For many Afghan women, bare faces and lives resumed
Saida Oranos Al Ghazal was so elated Monday night when the Taliban fled Kabul, "I couldn't stand up," she says.
But the real test came the next morning. She gingerly walked the few blocks from her home to Radio Afghanistan to reclaim her old job - her face bare, and without the all-encompassing burqa.
"I was afraid, and I regret not wearing a burqa on the way, because everyone was looking at me," she says. "Today was better than yesterday. More and more women are doing it every day. You will see."
Now, with the Taliban on the run, the word "freedom" is breathed repeatedly through the mesh shrouds of head-to-toe burqas - required dress here until just days ago. The change for Afghanistan's women is not just a revolution - it is an emancipation.
At a wedding yesterday, women danced and listened to music and forsook their burqas - a scene impossible under the Taliban. Listeners of Radio Afghanistan woke yesterday morning to a woman's voice presenting the news. Men ogle at a shop hung with new posters of beautiful Indian "Bollywood" movie stars, in revealing clothes and lurid poses.
Ghazal's quest to work again (she will be back on the air, reading her beloved
Afghan poetry and radio announcements by early next week), is an example of how quickly Afghan women are seizing a new life.
"The five years of the Taliban regime is the darkest period in the history of Afghanistan, especially for its women," says Ghazal, in a fluid, angelic voice. Today, she wears a simple black scarf that covers only her head - not her face - a long, black, shapeless dress, and white leather pumps."In the end, God pushed them out."
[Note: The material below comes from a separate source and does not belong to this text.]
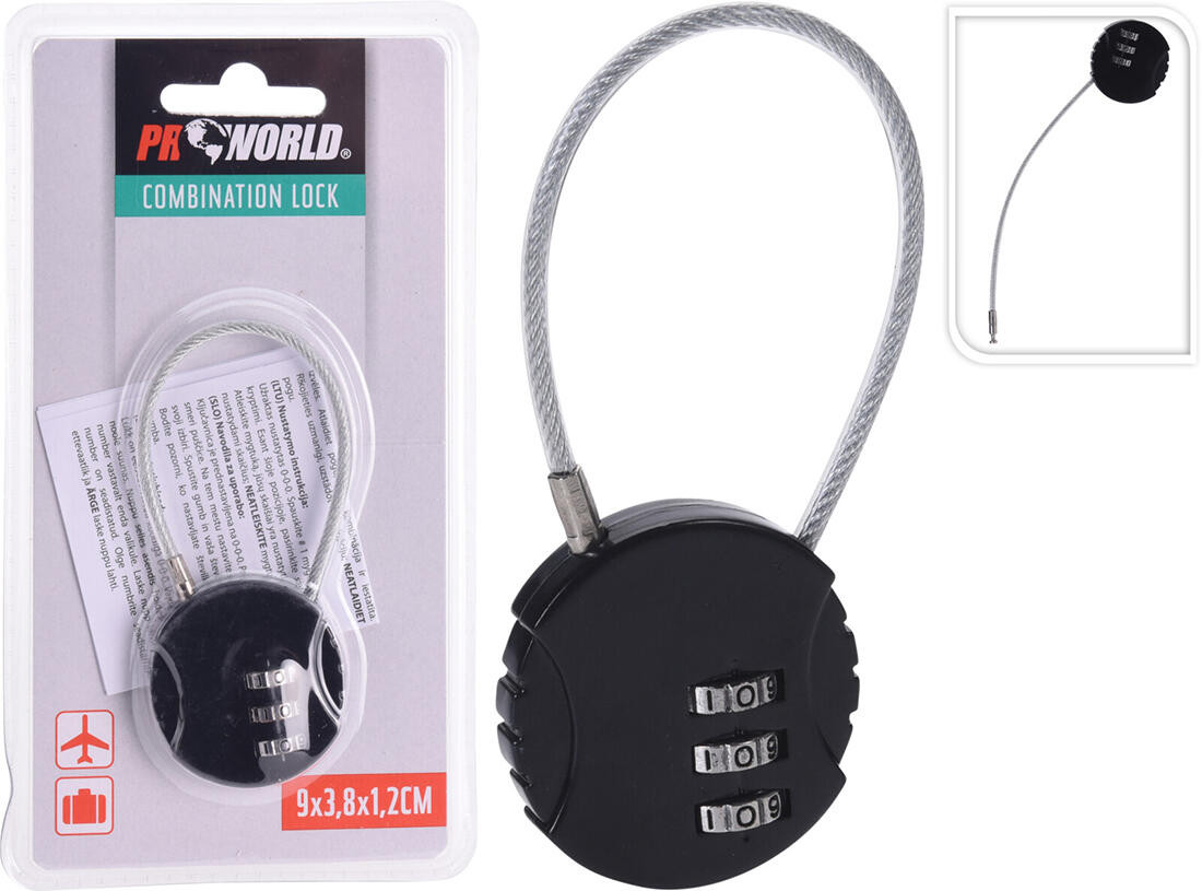 zámek na zavazadlo 9x3,8x1,2cm lankový, kódový

The way the Taliban saw it, the tight restrictions were a way that its hard-line brand of Islam - as a "rescuing religion," it said - respected women and protected them from the lust of men.
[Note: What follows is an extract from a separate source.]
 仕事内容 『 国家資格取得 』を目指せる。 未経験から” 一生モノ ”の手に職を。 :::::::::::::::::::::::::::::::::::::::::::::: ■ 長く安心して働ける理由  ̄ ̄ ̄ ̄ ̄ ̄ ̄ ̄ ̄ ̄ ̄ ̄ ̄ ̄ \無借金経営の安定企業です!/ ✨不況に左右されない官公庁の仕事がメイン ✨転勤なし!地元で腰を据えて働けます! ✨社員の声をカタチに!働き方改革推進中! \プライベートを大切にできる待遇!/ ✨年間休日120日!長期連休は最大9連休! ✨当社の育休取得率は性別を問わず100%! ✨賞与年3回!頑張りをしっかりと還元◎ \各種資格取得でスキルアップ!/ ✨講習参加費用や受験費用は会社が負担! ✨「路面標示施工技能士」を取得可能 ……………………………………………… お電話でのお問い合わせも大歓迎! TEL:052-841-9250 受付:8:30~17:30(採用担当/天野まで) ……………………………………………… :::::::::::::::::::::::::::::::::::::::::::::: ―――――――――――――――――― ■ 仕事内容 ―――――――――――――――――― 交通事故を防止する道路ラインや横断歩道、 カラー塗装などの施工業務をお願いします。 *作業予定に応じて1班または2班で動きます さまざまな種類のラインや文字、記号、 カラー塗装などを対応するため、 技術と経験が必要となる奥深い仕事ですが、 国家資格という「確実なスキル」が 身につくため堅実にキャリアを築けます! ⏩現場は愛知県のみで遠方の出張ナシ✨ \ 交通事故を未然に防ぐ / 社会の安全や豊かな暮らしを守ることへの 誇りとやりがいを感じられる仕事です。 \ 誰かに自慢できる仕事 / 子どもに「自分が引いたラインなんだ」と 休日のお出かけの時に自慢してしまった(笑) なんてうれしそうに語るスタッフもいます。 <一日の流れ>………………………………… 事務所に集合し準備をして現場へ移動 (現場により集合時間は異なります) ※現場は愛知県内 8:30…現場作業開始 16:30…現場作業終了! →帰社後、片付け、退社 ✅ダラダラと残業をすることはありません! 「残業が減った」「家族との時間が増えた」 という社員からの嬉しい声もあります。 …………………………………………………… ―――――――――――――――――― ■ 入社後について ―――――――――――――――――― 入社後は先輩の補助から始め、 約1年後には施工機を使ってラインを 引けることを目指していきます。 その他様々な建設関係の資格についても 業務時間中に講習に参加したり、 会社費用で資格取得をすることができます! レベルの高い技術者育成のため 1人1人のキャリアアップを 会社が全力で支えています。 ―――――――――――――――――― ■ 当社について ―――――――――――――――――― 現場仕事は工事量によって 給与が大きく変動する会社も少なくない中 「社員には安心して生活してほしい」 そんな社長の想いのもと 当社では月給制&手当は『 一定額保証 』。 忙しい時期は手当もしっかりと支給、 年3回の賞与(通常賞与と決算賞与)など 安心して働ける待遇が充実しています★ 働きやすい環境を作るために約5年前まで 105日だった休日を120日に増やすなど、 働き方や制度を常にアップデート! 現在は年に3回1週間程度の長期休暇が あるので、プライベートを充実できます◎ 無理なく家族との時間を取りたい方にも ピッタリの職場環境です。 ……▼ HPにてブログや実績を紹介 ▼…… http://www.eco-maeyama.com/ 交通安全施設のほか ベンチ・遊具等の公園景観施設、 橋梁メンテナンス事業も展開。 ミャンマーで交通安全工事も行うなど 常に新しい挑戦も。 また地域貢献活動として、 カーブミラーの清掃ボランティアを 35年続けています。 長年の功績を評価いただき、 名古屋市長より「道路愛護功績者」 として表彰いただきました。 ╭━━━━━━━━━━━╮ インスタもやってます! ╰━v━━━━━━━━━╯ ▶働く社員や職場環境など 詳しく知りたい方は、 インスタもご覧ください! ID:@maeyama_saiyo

"Women, you should not step outside your residence," read one 1996 Taliban decree. If women go outside with "fashionable, ornamental, tight, and charming clothes to show themselves, they will be cursed ... and should never expect to go to heaven."
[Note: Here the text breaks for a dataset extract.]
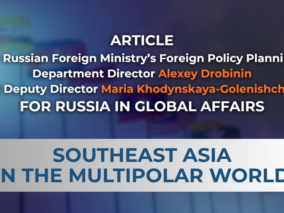 Southeast Asia in the Multipolar World, an article by Russian Foreign Ministry’s Foreign Policy Planning Department Director Alexey Drobinin and Deputy Director Maria Khodynskaya-Golenishcheva for the journal Russia in Global Affairs, April 3, 2026

Women could not work, they could not be educated, and they were required to adhere to Draconian rules of dress and behavior. Punishment was often public beating with a length of cable.
Ghazal, of course, is on the cutting edge. Not all women yet feel free enough to shed the head-to-toe coverings on the street. But they love the freedom of choice the new changes bring.
On a Kabul street, now, a woman wearing a blue burqa says she has no qualms about speaking to a Western man. "We are feeling free; we are not afraid," Farishtah says. "Even with the burqa before, sometimes they punished us anyway. It was tedious, boring, and difficult."
She says the biggest change in her life is the ability to choose. "I will decide what to do with my life," Farishtah says emphatically, despite the mesh facemask of the burqa. "For the first time in five years, I will decide."
Throughout Afghan history, Kabul has been a source of cultural liberalism that often grated against the poor countryside. As such, it was the subject of some of the harshest enforcement of Taliban rules by the Ministry of the Promotion of Virtue and the Prevention of Vice.